이제 코드를 실행시켜보자 환경 코드는 다음과 같다.

# point_env.py

"""Simple 2D environment containing a point and a goal location."""
import math
import numpy as np
import random
import seaborn as sns
import matplotlib.pyplot as plt
from gym import Env
from gym import spaces, spec
import torch
import pygame, sys
from pygame.locals import *
import time

def semi_circle_goal_sampler():
    r = 1.0
    angle = random.uniform(0, np.pi)
    goal = r * np.array((np.cos(angle), np.sin(angle)))
    return goal


def circle_goal_sampler():
    r = 1.0
    angle = random.uniform(0, 2*np.pi)
    goal = r * np.array((np.cos(angle), np.sin(angle)))
    return goal


GOAL_SAMPLERS = {
    'semi-circle': semi_circle_goal_sampler,
    'circle': circle_goal_sampler,
}

from gym import Env
from gym import spaces

device = torch.device("cuda:0" if torch.cuda.is_available() else "cpu")

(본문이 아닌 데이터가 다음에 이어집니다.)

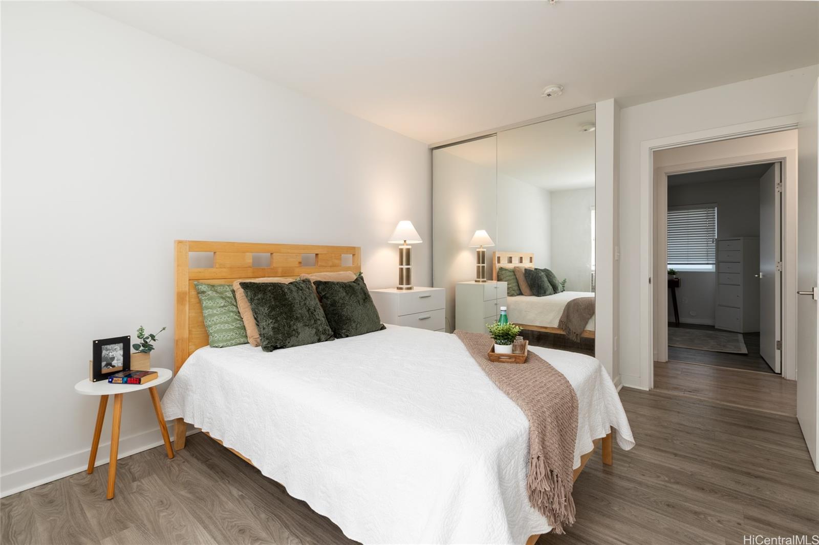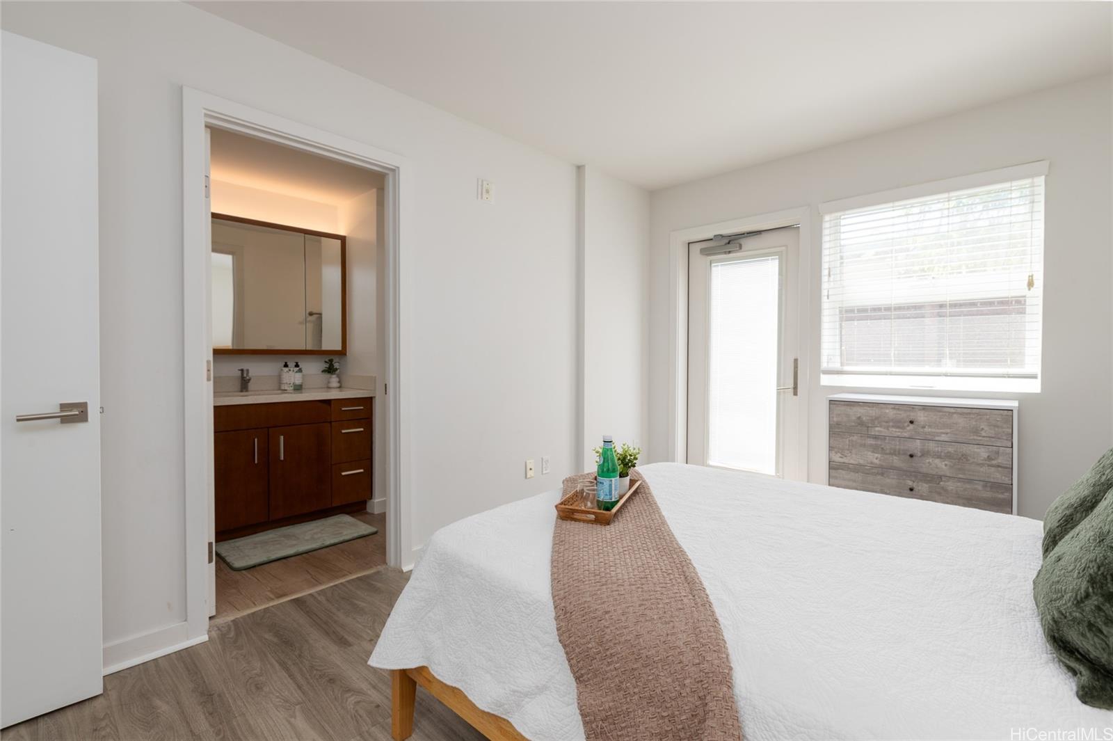 Experience modern island living in this rarely available 2-bedroom, 2-bath corner end unit at The Residence at Makiki — a well-maintained, Pet-Friendly building built in 2016. This GROUND FLOOR Unit offers exceptional privacy with an enclosed lanai, in-unit washer/dryer, and AC for year round comfort.  Enjoy the frosted glass cabinetry, stainless appliances and contemporary finishes. The extra large assigned parking stall is conveniently located right next to the elevator, and the assigned private storage locker provides added space for your belongings. Enjoy easy access to public transit and within just minutes from Downtown Honolulu, Ala Moana Center, UH, schools, churches, shopping, Blaisdell Center, Kakaakko and popular beach parks. VA approved building with several coveted Guest Parking stalls. Don't miss this opportunity to own this modern urban oasis — Priced under last sale!  Sprinklers installed and 100% insured.

def semi_circle_goal_sampler():
    r = 1.0
    angle = random.uniform(0, np.pi)
    goal = r * np.array((np.cos(angle), np.sin(angle)))
    return goal


def circle_goal_sampler():
    r = 1.0
    angle = random.uniform(0, 2*np.pi)
    goal = r * np.array((np.cos(angle), np.sin(angle)))
    return goal


GOAL_SAMPLERS = {
    'semi-circle': semi_circle_goal_sampler,
    'circle': circle_goal_sampler,
}


class PointEnv(Env):
    """
    point robot on a 2-D plane with position control
    tasks (aka goals) are positions on the plane

     - tasks sampled from unit square
     - reward is L2 distance
    """

    def __init__(self, max_episode_steps=100, goal_sampler=None, is_render=False):
        self.is_render = is_render
        if callable(goal_sampler):
            self.goal_sampler = goal_sampler
        elif isinstance(goal_sampler, str):
            self.goal_sampler = GOAL_SAMPLERS[goal_sampler]
        elif goal_sampler is None:
            self.goal_sampler = semi_circle_goal_sampler
        else:
            raise NotImplementedError(goal_sampler)

        self.reset_task()
        self.task_dim = 2
        self.observation_space = spaces.Box(low=-np.inf, high=np.inf, shape=(2,))
        # we convert the actions from [-1, 1] to [-0.1, 0.1] in the step() function
        self.action_space = spaces.Box(low=-1.0, high=1.0, shape=(2,))
        self._max_episode_steps = max_episode_steps
        if self.is_render == True:
            pygame.init()
            self.fpsClock = pygame.time.Clock()
            self.width = 600
            self.height = 600
            self.window = pygame.display.set_mode((self.width,self.height), 0, 32)
            pygame.display.set_caption('PointEnv')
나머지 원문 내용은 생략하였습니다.